Revision as of 00:51, 17 February 2012

What's an ed2k hash?

In short, a hash is a checksum. It is used to detect errors in data by checking the integrity of the message/file. There are various different hash algorithms used for differing purposes, some that are focused more on security and some on speed. AniDB sports both kinds; CRC is not particularly secure at all, while MD5, SHA-1 and the MD4/ed2k hashes are much more secure from a cryptographic standpoint. They are not fail-safe though, but having more than one hash makes it exponentially harder to counterfeit a file. You might be able to fool one of the hashes, but generally not two, or as is the case with most of the files found in AniDB: four hashes!

The ed2k hash is based on the md4 algorithm, but rather than providing a single hash of the entire file, it breaks the file up into 9500kb chunks and produces a final hash based on the md4 sums of the chunks. While md4 is no longer considered secure from a cryptographic perspective, for the purpose of uniquely identifying files it's more than adequate. It is often listed as part of an ed2k link, which also includes a size in bytes, and a name.

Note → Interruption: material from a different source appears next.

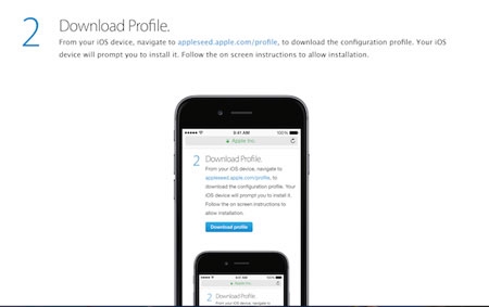 Đây là một phần của chương trình Apple Seed, bạn đọc quan tâm có thể đăng ký tham gia chương trình tại đây. Sau khi đăng ký thành công, Apple sẽ yêu cầu bạn sao lưu lại dữ liệu trên thiết bị của mình bằng iTunes. Bạn sẽ được nhận một profile cấu hình nhằm hiển thị bản cập nhật iOS 8.3 Beta trong phần Software Update để tải về. Tuy nhiên hiện có khá nhiều người dùng đăng ký tham gia chương trình nên bạn sẽ phải chờ vài tiếng hoặc vài ngày để Apple gửi profile về cho bạn.

Why does AniDB require ed2k-hashes?

The main reason for this is that it avoids adding of double database entries. AniDB will not allow you to add a file with the same ed2k-hash as an existing one.

The file size and ed2k-hash of a file is used to identify it globally.

You are allowed to add files without ed2k-hashes to AniDB, however you should edit those files later and add the missing ed2k-hashes. Once you added a certain number of files without ed2k-hashes you may no longer add new files without ed2k-hashes until you edit your old files first.

Why use ed2k instead of another type of hash?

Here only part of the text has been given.